A judge has struck down the request for an extention. The only way to get the extention now, is an executive order by the governor.
Their governor is a democrat by the name of Ed Rendell. He has not as yet said he would sign such an order.

Now, the interesting part: Your average Pennsylvania citizen shouldn't have trouble getting their vote in on time. If no extention is granted, the people who's votes will not be counted are deployed military, in Iraq and Afghanistan. This is roughly 16,000 people from Pennsylvania.
Recent polls indicate that 73% of people in the service would vote for Bush.

So, to sum up, it looks like a Democrat is going to disenfranchise the members of our military. Regardless of whether you support the war or not, don't tell me that its right to disenfranchise our military.

And before you start telling me about "black disenfranchisement" in 2000, let me quote some numbers from the Commision on Civil Rights that conducted a 6-month investigation into Florida's election:

From The 2000 Election: Where's the Disenfranchisement?

The Commission's report asserts that the use of a convicted felons list "has a disparate impact on African Americans." "African Americans in Florida were more likely to find their names on the list than persons of other races."

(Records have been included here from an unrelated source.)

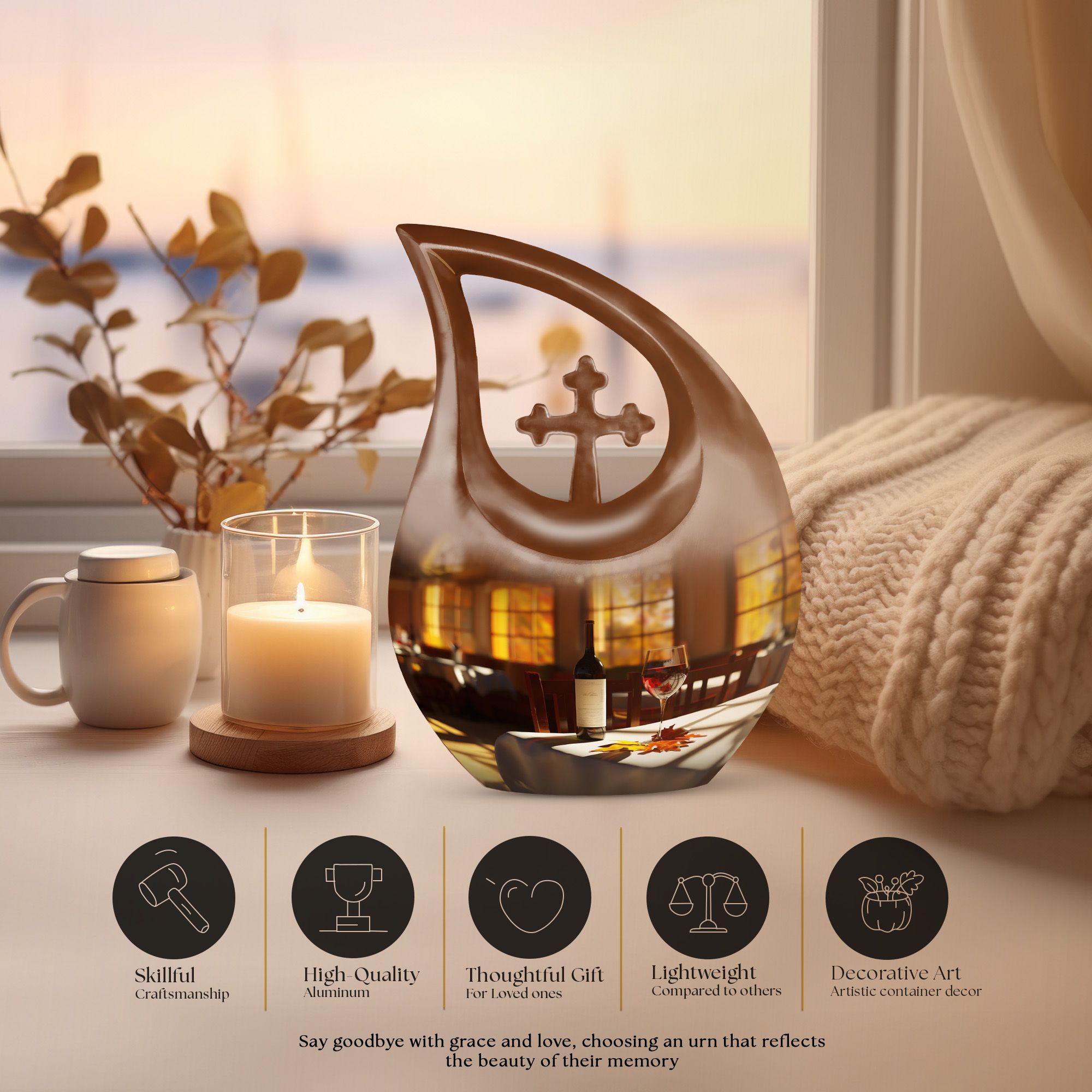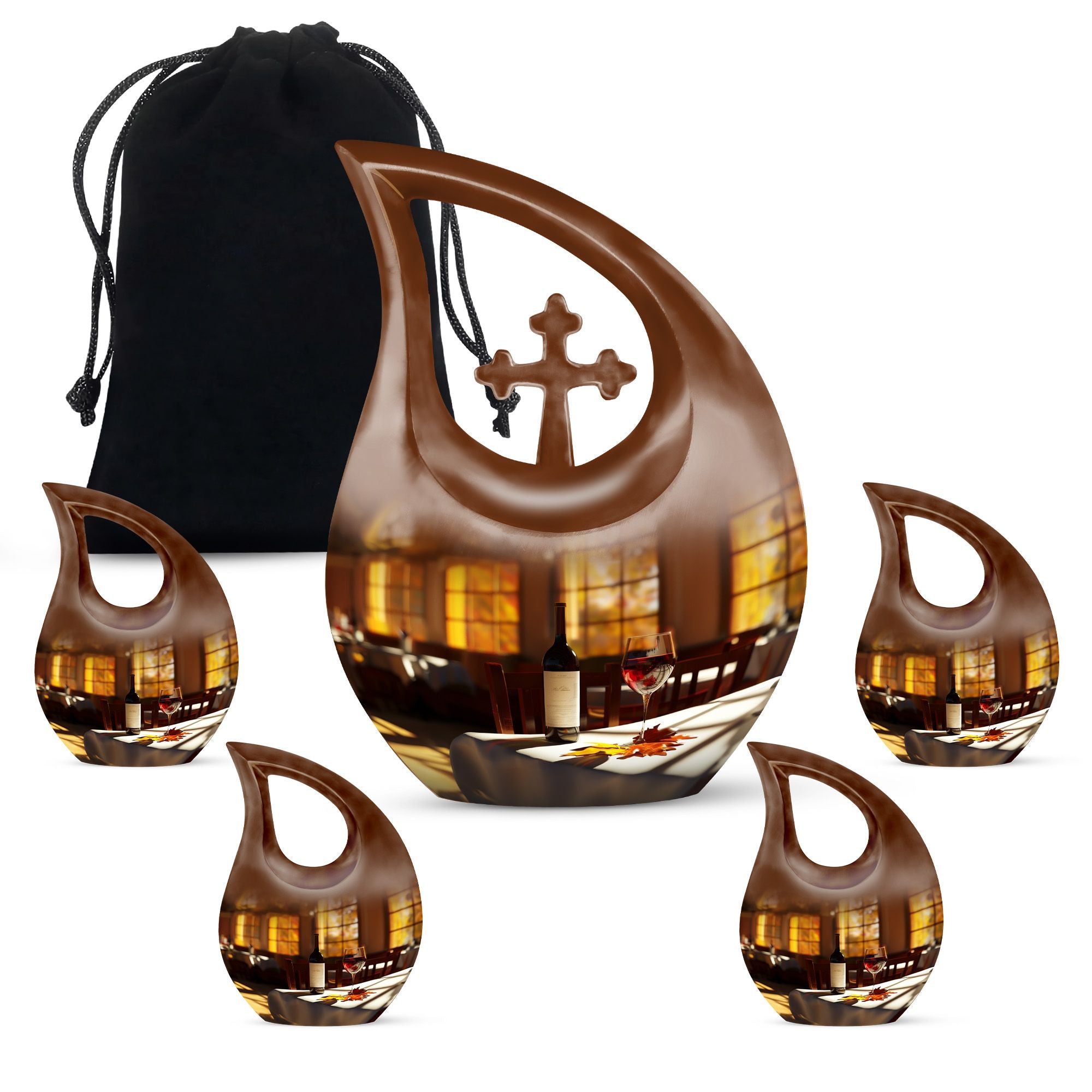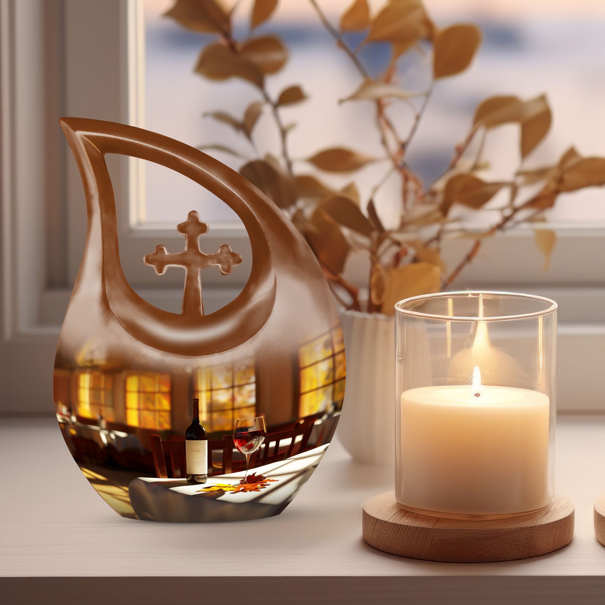 Experience a renewed sense of comfort and peace with our premium, 10-inch 'Cross Drop' Wine Urn. Crafted meticulously with high-quality aluminium, this large urn weighs a modest 3.3 pounds, ensuring stability and durability. It exhibits a capacity of 200 cubic inches to safely hold the ashes of your loved ones. Dressed in a rich wine theme, this urn transcends conventional designs with its unique 'Cross Drop' pattern. Each purchase includes an elegant velvet pouch intended to contain the ashes discreetly. Catering to your individual needs, this affordable cremation urn allows personalization - you can engrave names to imbibe a touch of love and personal touch. Whether you're looking for funeral urns for sale or small urns for ashes, this piece serves as a fitting homage to departed souls. Purchase it today, as memorial urns and cheap funeral urns of such high-grade material and artistry are rare to find.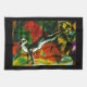 Beautiful and brightly coloured oil on canvas painting by German artist Franz Marc entitled, "Three Cats". The cat in the foreground is black and white, standing on its front paws with back legs in the air, while one yellow cat and a large red cat are in the background. Wonderful combination of reds, greens, yellows and purple. Completion date: 1913.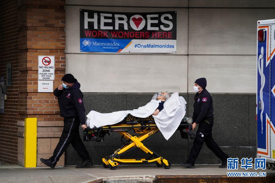 1月1日,在美国纽约,医护人员运送一名患者。
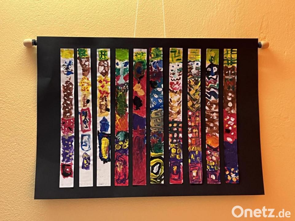 Nachdem die Kinder mehrere Streifen farbig gestaltet hatten, zeigte Sticht ein Bild von Friedensreich Hundertwasser. Dieses sollte auf einem dünneren Streifen nachgemalt werden. In kleineren Schritten – Hut, Gesicht, Körper, Haus, Spirale – wurden die einzelnen Bildteile untereinander gemalt. Dies war eine besondere Herausforderung für die Kinder, da ein Bild zwar nachgemalt wurde, aber ganz anders aussah. Die Kinder wurden mit einem Blick auf die kommenden Tage verabschiedet: Sie erfuhren, dass aus ihren gemalten und dann getrockneten Streifen ein gemeinsames Kunstwerk je Gruppe entstehen sollte. "Den Kindern hat dieser ,Ausflug‘ in die Kunst sehr gefallen", heißt es in der Mitteilung. "Vermutlich suchen sie jetzt auf Bildern, an denen sie zufällig vorbei kommen, eine kleine Libelle."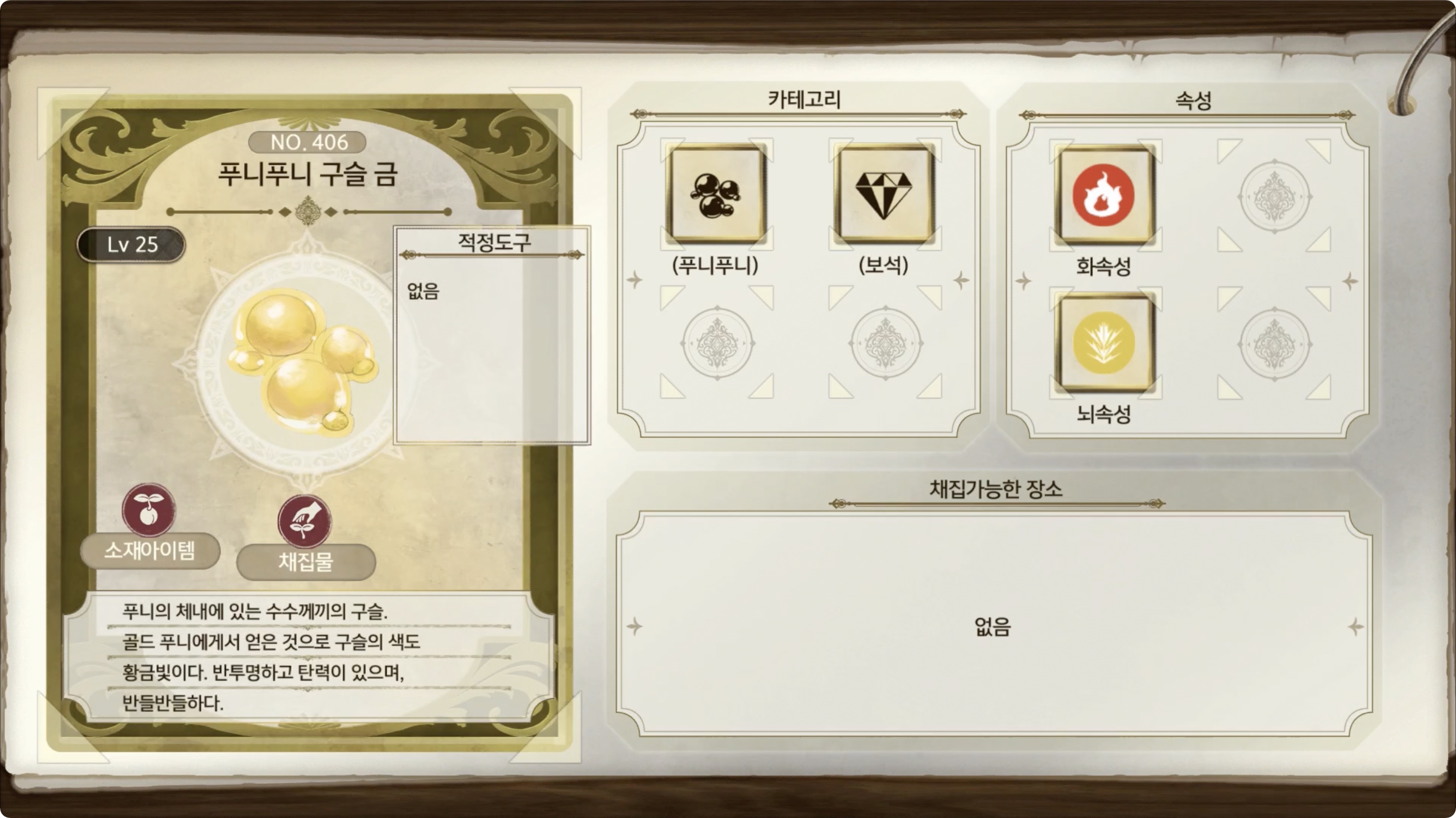라이자의 아틀리에 2 - 아이템 도감 NO.406 푸니푸니 구슬 금

Other points not in the Commission's report:

Whites were twice as likely as blacks to be placed on the list erroneously, not the other way around.

According to the Palm Beach Post, more than 6,500 ineligible felons voted, despite having their names on the 'convicted felons list. The biggest problem then was that the list ended up allowing ineligible voters to cast a ballot--not that it prevented voters from casting a ballot.

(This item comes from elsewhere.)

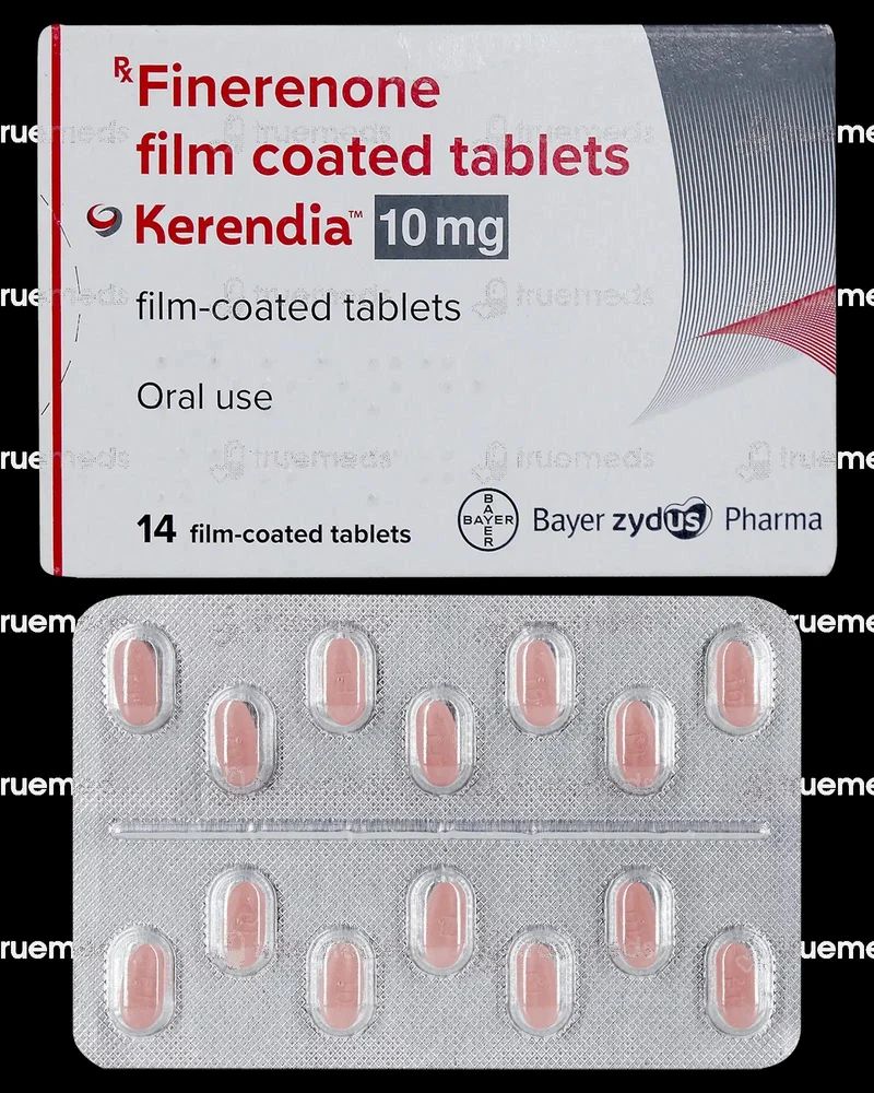 Kerendia 10 Tablet is medicine used in the treatment of chronic kidney disease (CKD) caused by type 2 diabetes (T2D). It works by blocking a certain hormone in the body, which can help prevent the kidneys from getting worse and reduce the risk of heart-related issues like heart attacks and heart failure.

The sole piece of supporting evidence it cites a table with data on Miami-Dade County. Blacks were racially targeted, according to the report, because they account for almost two thirds of the names of the felon list but were less than one-seventh of Florida's population. It is not only meaningless but irrelevant. The vast majority of the people on the felons' list were properly listed. It was illegal for them to vote according to Florida law.

Research revealed that 239 for the 4,678 African Americans on the Miami-Dade felons' were eventually cleared to vote which represented 5.1 percent of the total number of blacks on the felons list. Of the 1,264 whites on the list, 125 proved to be there by mistake-which is 9.9 percent of the total. The error rate for whites was almost double that for blacks.

The Commission did not hear from a single witness who was prevented from voting as a result of being erroneously identified as a felon. One witness did testify that he was erroneously removed from the voter list because he had been mistaken for another individual on the felon list whose name and birth date were practically identical to his. However, he was able to convince precinct officials that there had been a clerical error, and he was allowed to vote.

The Commission completely ignored the bigger story: Approximately 5,600 felons voted illegally in Florida on November 7, approximately 68 percent of whom were registered Democrats. The Miami Herald discovered that, "among the felons who cast presidential ballots, there were "62 robbers, 56 drug dealers, 45 killers, 16 rapists, and 7 kidnappers. At least two who voted were pictured on the state's on-line registry of sexual offenders."

Furthermore, the Post found no more than 108 "law-abiding" citizens of all races that "were purged from the voter rolls as suspected criminals, only to be cleared after the election." In fact during all the various lawsuits against Florida, only two people testified they weren't allowed to vote because their names were mistakenly on the list.

Of the 19,398 voters removed from the rolls, more than 14,600 matched a felon by name, birth date, race and gender.